Task statement :: Below are records to reproduce in full; copy them exactly but keep the pictures out.

Data section ::
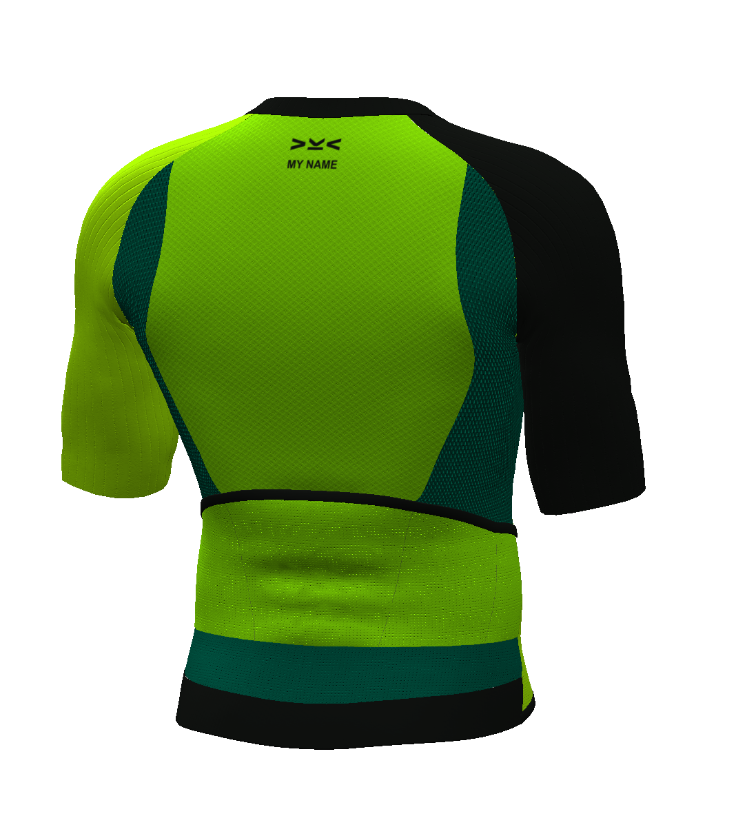 - IBS. Patronaje adaptado a la postura de ciclismo (hombros y escápulas hacia delante). Malla súper elástica bajo hombros/axilas para facilitar los movimientos de los brazos.
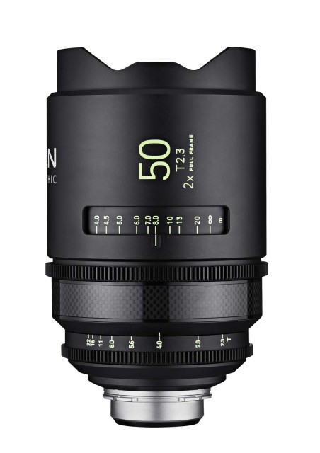 Samyang Xeen 2x Anamorphic 50mm T2.3 model temelji se na seriji Xeen Meister i nudi istu veličinu i raspored kontrola kao i dugi hod fokusnog prstena (300º). Ova 2x anamorfna leća nudi visoke performanse za moderne 4K/8K FF senzore i proizvodi sliku koja pokriva format CinemaScope 2,55:1 (nakon istezanja; na FF senzorima). Objektiv se može pohvaliti dizajnom koji koristi vrhunske materijale uključujući. karbonski kompoziti i fosforescentna boja za izoštravanje oznaka za dobru čitljivost u mraku.
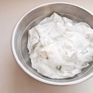 Хороший спосіб, як відбілити полинявшие білі речі – це замочити їх у нашатыре. Для цього 20 мл нашатирю розводять в 10 л гарячої води, а потім замочують матерію мінімально на годину. З вылинявших тканин зійдуть всі плями. Залишиться тільки прокрутити їх в пральній машинці – автомат і добре ще раз прополоскати, щоб пішов важкий запах. Нашатир має сильне відбілюючий дію.
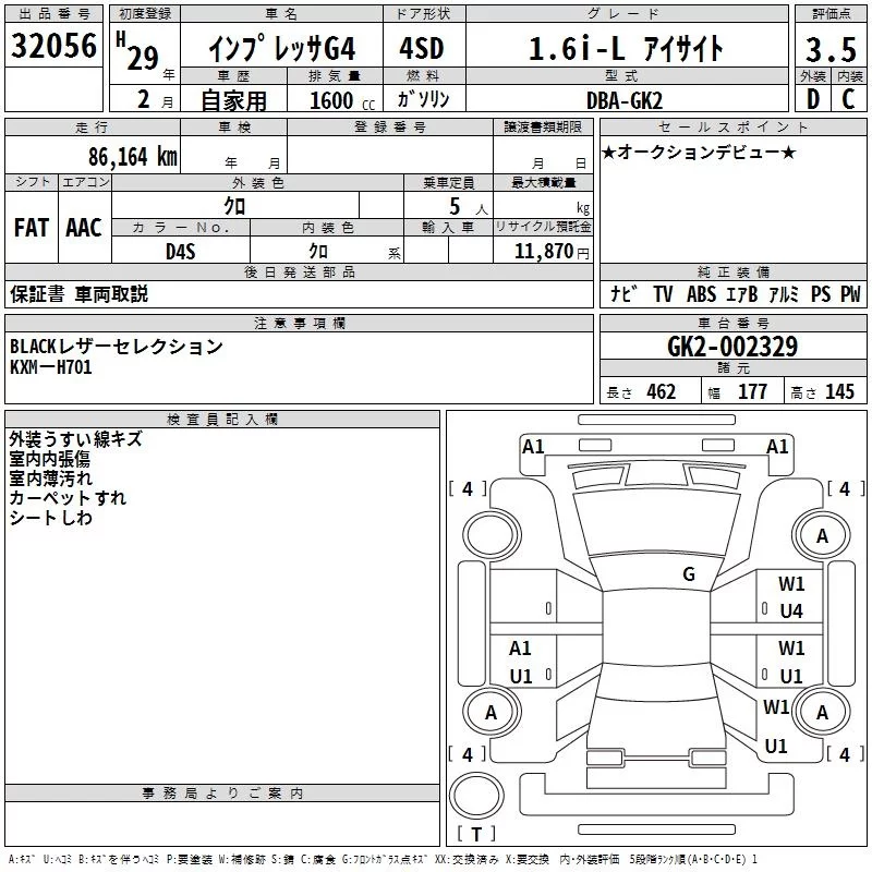 Subaru IMPREZA G4 с аукциона Японии TAA Kinki лот № 32056
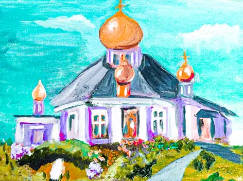 Моя работа выполнена в технике масляной живописи на картоне. Я решила попробовать новым материалом. Меня вдохновил Богородский храм в нашем районе. У него красивая архитектура.
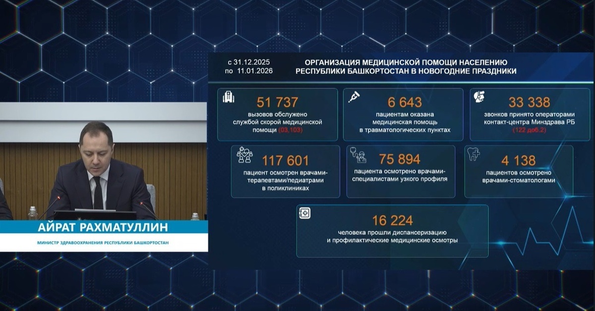 Жители Башкирии с 31 декабря 2025 года по 11 января 2026 года получили всю необходимую квалифицированную медпомощь, сообщил министр здравоохранения республики Айрат Рахматуллин на первом в этом году оперативном совещании правительства в ЦУРе. Амбулаторное лечение людей было организовано со 2 января. По словам Айрата Рахматуллина, за это время более 6 тысяч жителей обратились в травмпункты, более 51 тысячи вызвали скорую медпомощь. В поликлиниках врачи осмотрели более 117 тысяч пациентов, в том числе свыше 75 тысяч — специалисты узкого профиля и более 4 тысяч — стоматологи. Кроме того, более 16 тысяч пациентов прошли диспансеризацию и медосмотры. «Система сработала нормально», — отметил глава минздрава.
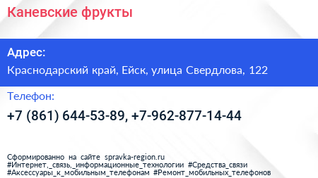 Каневские фрукты по адресу Краснодарский край, Ейск, улица Свердлова, 122 в дальнейшем Организация, размещена в следующих категориях:
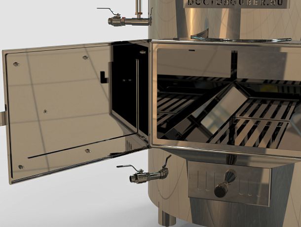 Подогрев пароводяной рубашки происходит от твердого топлива, что позволяет использовать дрова, пеллеты и тд. Это делает аппарат полностью автономным.
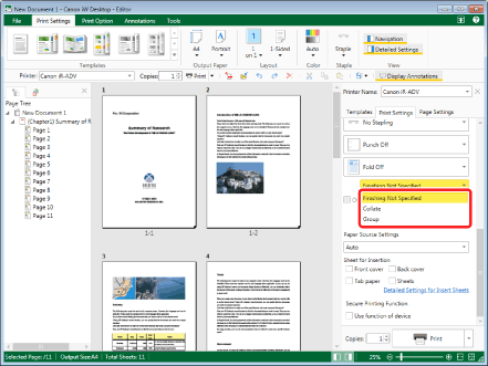 Can only be selected when a finisher is attached to the printer.
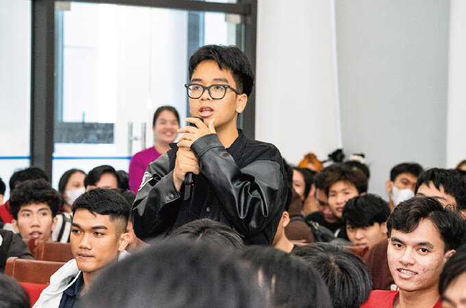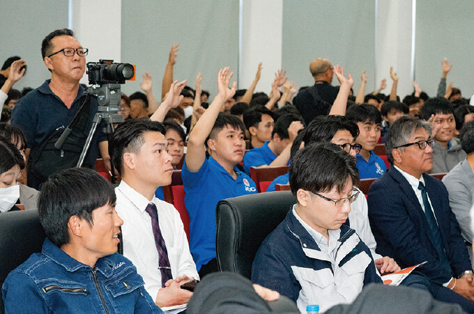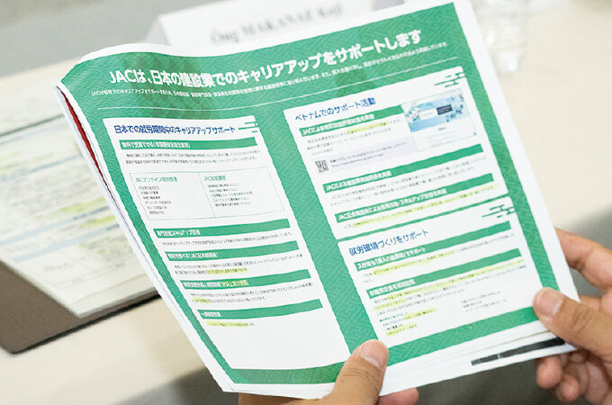 学生や教員を対象とした説明会には、5月14日にホーチミン建設短期大学で258名、16日にミエンタイ建設大学で420名が集まり、計678名が参加しました。会場では、JACが特定技能制度やキャリア支援について説明し、国土交通省、弁護士、FITS、建設企業関係者らが登壇。現場の安全対策や賃金水準、中長期的なキャリア形成の可能性など、日本の建設業の魅力を幅広く紹介しました。現場経験者の体験談や動画上映も行われ、学生が日本で働く姿をよりリアルにイメージできる内容となりました。
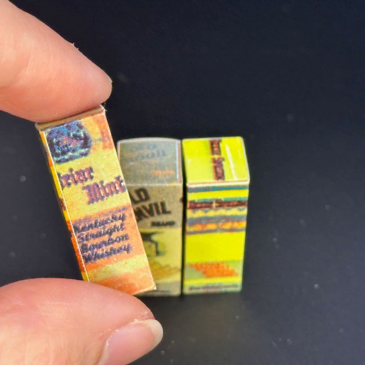 3 Stk. Weinflaschen aus Holz für Puppenhausminiatur im Maßstab 1:12
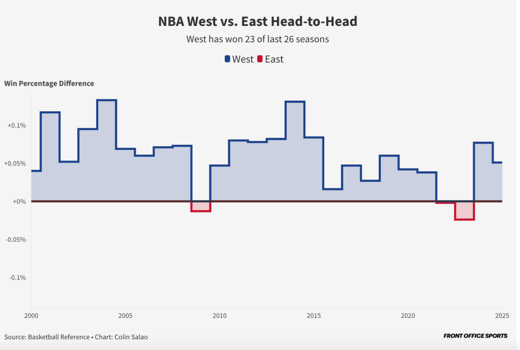 In that same time frame, a Western Conference team has won the NBA title 16 times to just 9 from the Eastern Conference.
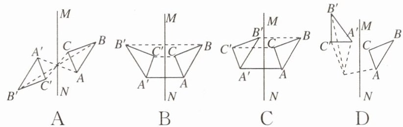 1. 下列图形中,$\triangle A'B'C'与\triangle ABC关于直线MN$成轴对称的是(
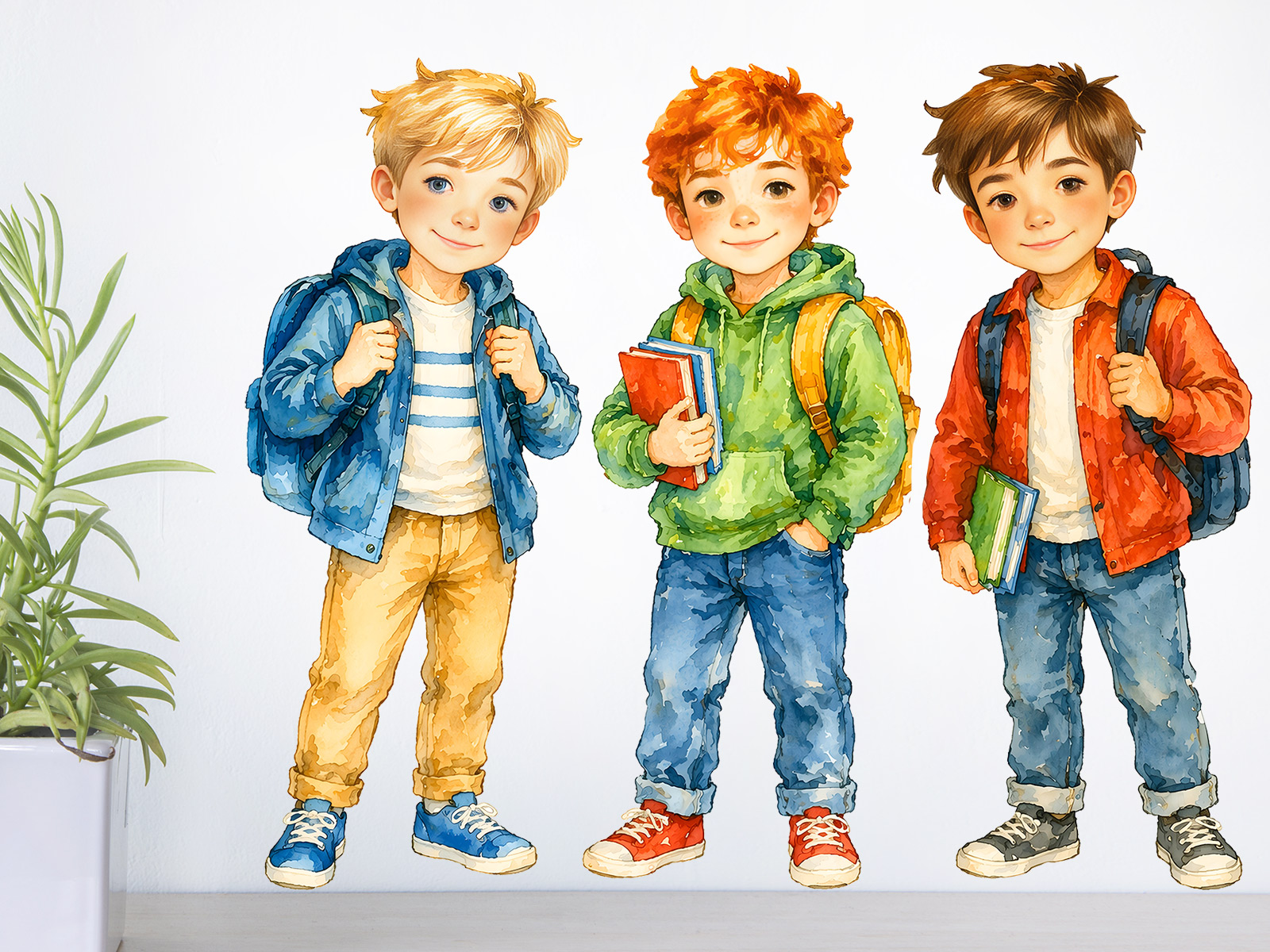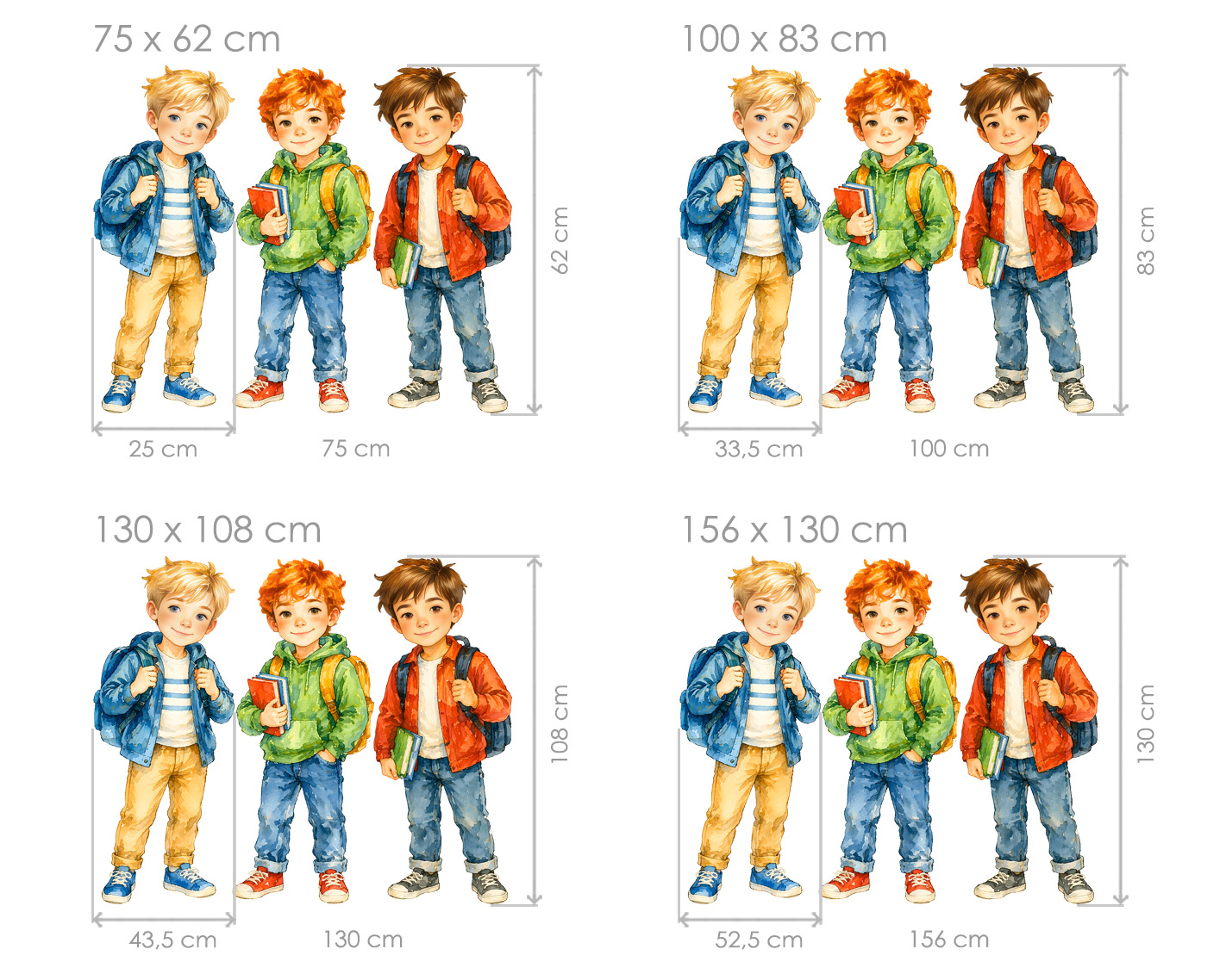 Nálepka na stenu „Školáci v akvareli“ vnáša do detskej izby hravú atmosféru a radosť zo školských dobrodružstiev. Roztomilé postavičky chlapcov s batohmi a knihami pôsobia priateľsky a prirodzene, takže ľahko vytvoria pozitívny vzťah k škole aj k učeniu. Jemné akvarelové spracovanie dodáva ilustráciám mäkkosť a živé farebné prechody. Každý školák má svoj vlastný štýl aj výraz, čo celej kompozícii dodáva dynamiku a pocit skutočného detského sveta. Nálepka je ideálna do detskej izby, pracovného kútika alebo nad písací stôl, kde môže deti motivovať k učeniu aj kreativite. Vďaka samostatným postavičkám je možné rozloženie prispôsobiť podľa priestoru. Perfektná voľba pre všetkých malých školákov, ktorí chcú mať okolo seba inšpiratívny a veselý svet plný poznávania.
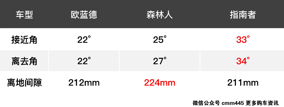 从以上三个数据又可以看到,指南者的接近角和离去角都很出色,虽然离地间隙不及森林人,但是也不容易拖底。欧蓝德虽然三个数据都表现得很一般,但是4705mm的车身长度让其不容易形成交叉轴的情况。
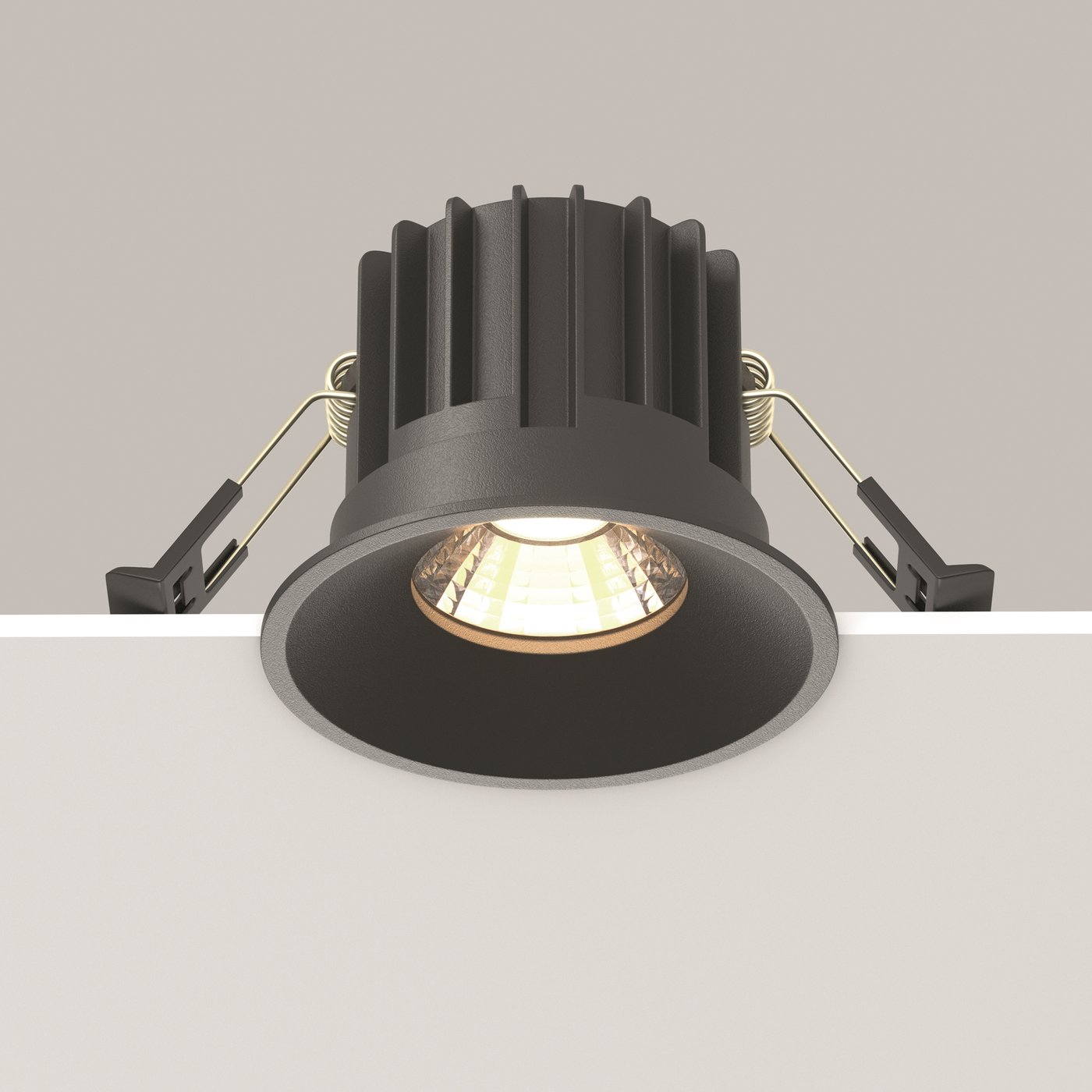 встраиваемый потолочный светильник черного цвета с алюминиевым радиатором
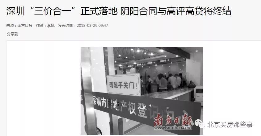 昨天很多媒体都在传一件事,“深圳推行三价合一,阴阳合同和高评高贷将终结”(如图1)。
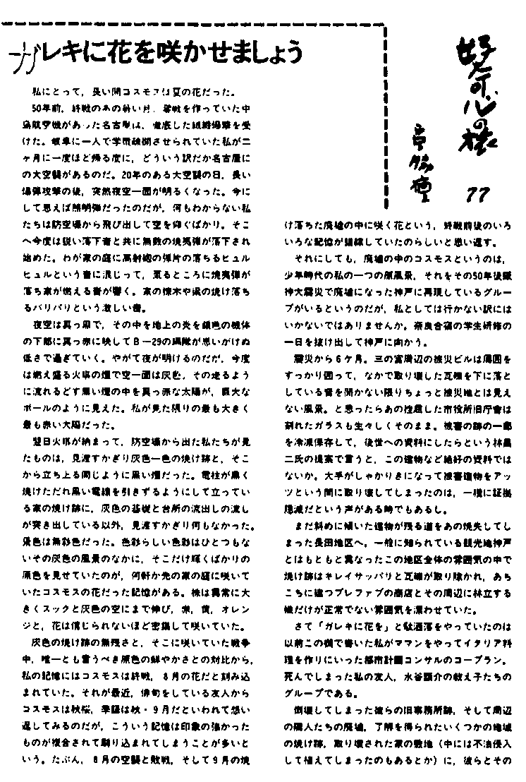 第1回目は、 建築家の宮脇檀さんの書かれた記事で、 ネットワークが取り組んでいる「ガレキに花を咲かせましょう」のプロジェクトに関する記事です。
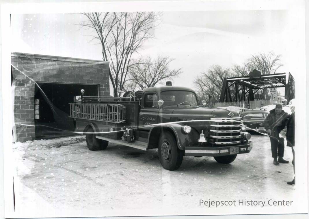 A Topsham fire truck sits in front of the new fire station. A car and the bridge over the Granny Hale stream appear on the right side of the photo.

Task output ::
 - IBS. Patronaje adaptado a la postura de ciclismo (hombros y escápulas hacia delante). Malla súper elástica bajo hombros/axilas para facilitar los movimientos de los brazos.
 Samyang Xeen 2x Anamorphic 50mm T2.3 model temelji se na seriji Xeen Meister i nudi istu veličinu i raspored kontrola kao i dugi hod fokusnog prstena (300º). Ova 2x anamorfna leća nudi visoke performanse za moderne 4K/8K FF senzore i proizvodi sliku koja pokriva format CinemaScope 2,55:1 (nakon istezanja; na FF senzorima). Objektiv se može pohvaliti dizajnom koji koristi vrhunske materijale uključujući. karbonski kompoziti i fosforescentna boja za izoštravanje oznaka za dobru čitljivost u mraku.
 Хороший спосіб, як відбілити полинявшие білі речі – це замочити їх у нашатыре. Для цього 20 мл нашатирю розводять в 10 л гарячої води, а потім замочують матерію мінімально на годину. З вылинявших тканин зійдуть всі плями. Залишиться тільки прокрутити їх в пральній машинці – автомат і добре ще раз прополоскати, щоб пішов важкий запах. Нашатир має сильне відбілюючий дію.
 Subaru IMPREZA G4 с аукциона Японии TAA Kinki лот № 32056
 Моя работа выполнена в технике масляной живописи на картоне. Я решила попробовать новым материалом. Меня вдохновил Богородский храм в нашем районе. У него красивая архитектура.
 Жители Башкирии с 31 декабря 2025 года по 11 января 2026 года получили всю необходимую квалифицированную медпомощь, сообщил министр здравоохранения республики Айрат Рахматуллин на первом в этом году оперативном совещании правительства в ЦУРе. Амбулаторное лечение людей было организовано со 2 января. По словам Айрата Рахматуллина, за это время более 6 тысяч жителей обратились в травмпункты, более 51 тысячи вызвали скорую медпомощь. В поликлиниках врачи осмотрели более 117 тысяч пациентов, в том числе свыше 75 тысяч — специалисты узкого профиля и более 4 тысяч — стоматологи. Кроме того, более 16 тысяч пациентов прошли диспансеризацию и медосмотры. «Система сработала нормально», — отметил глава минздрава.
 Каневские фрукты по адресу Краснодарский край, Ейск, улица Свердлова, 122 в дальнейшем Организация, размещена в следующих категориях:
 Подогрев пароводяной рубашки происходит от твердого топлива, что позволяет использовать дрова, пеллеты и тд. Это делает аппарат полностью автономным.
 Can only be selected when a finisher is attached to the printer.
 学生や教員を対象とした説明会には、5月14日にホーチミン建設短期大学で258名、16日にミエンタイ建設大学で420名が集まり、計678名が参加しました。会場では、JACが特定技能制度やキャリア支援について説明し、国土交通省、弁護士、FITS、建設企業関係者らが登壇。現場の安全対策や賃金水準、中長期的なキャリア形成の可能性など、日本の建設業の魅力を幅広く紹介しました。現場経験者の体験談や動画上映も行われ、学生が日本で働く姿をよりリアルにイメージできる内容となりました。
 3 Stk. Weinflaschen aus Holz für Puppenhausminiatur im Maßstab 1:12
 In that same time frame, a Western Conference team has won the NBA title 16 times to just 9 from the Eastern Conference.
 1. 下列图形中,$\triangle A'B'C'与\triangle ABC关于直线MN$成轴对称的是(
 Nálepka na stenu „Školáci v akvareli“ vnáša do detskej izby hravú atmosféru a radosť zo školských dobrodružstiev. Roztomilé postavičky chlapcov s batohmi a knihami pôsobia priateľsky a prirodzene, takže ľahko vytvoria pozitívny vzťah k škole aj k učeniu. Jemné akvarelové spracovanie dodáva ilustráciám mäkkosť a živé farebné prechody. Každý školák má svoj vlastný štýl aj výraz, čo celej kompozícii dodáva dynamiku a pocit skutočného detského sveta. Nálepka je ideálna do detskej izby, pracovného kútika alebo nad písací stôl, kde môže deti motivovať k učeniu aj kreativite. Vďaka samostatným postavičkám je možné rozloženie prispôsobiť podľa priestoru. Perfektná voľba pre všetkých malých školákov, ktorí chcú mať okolo seba inšpiratívny a veselý svet plný poznávania.
 从以上三个数据又可以看到,指南者的接近角和离去角都很出色,虽然离地间隙不及森林人,但是也不容易拖底。欧蓝德虽然三个数据都表现得很一般,但是4705mm的车身长度让其不容易形成交叉轴的情况。
 встраиваемый потолочный светильник черного цвета с алюминиевым радиатором
 昨天很多媒体都在传一件事,“深圳推行三价合一,阴阳合同和高评高贷将终结”(如图1)。
 第1回目は、 建築家の宮脇檀さんの書かれた記事で、 ネットワークが取り組んでいる「ガレキに花を咲かせましょう」のプロジェクトに関する記事です。
 A Topsham fire truck sits in front of the new fire station. A car and the bridge over the Granny Hale stream appear on the right side of the photo.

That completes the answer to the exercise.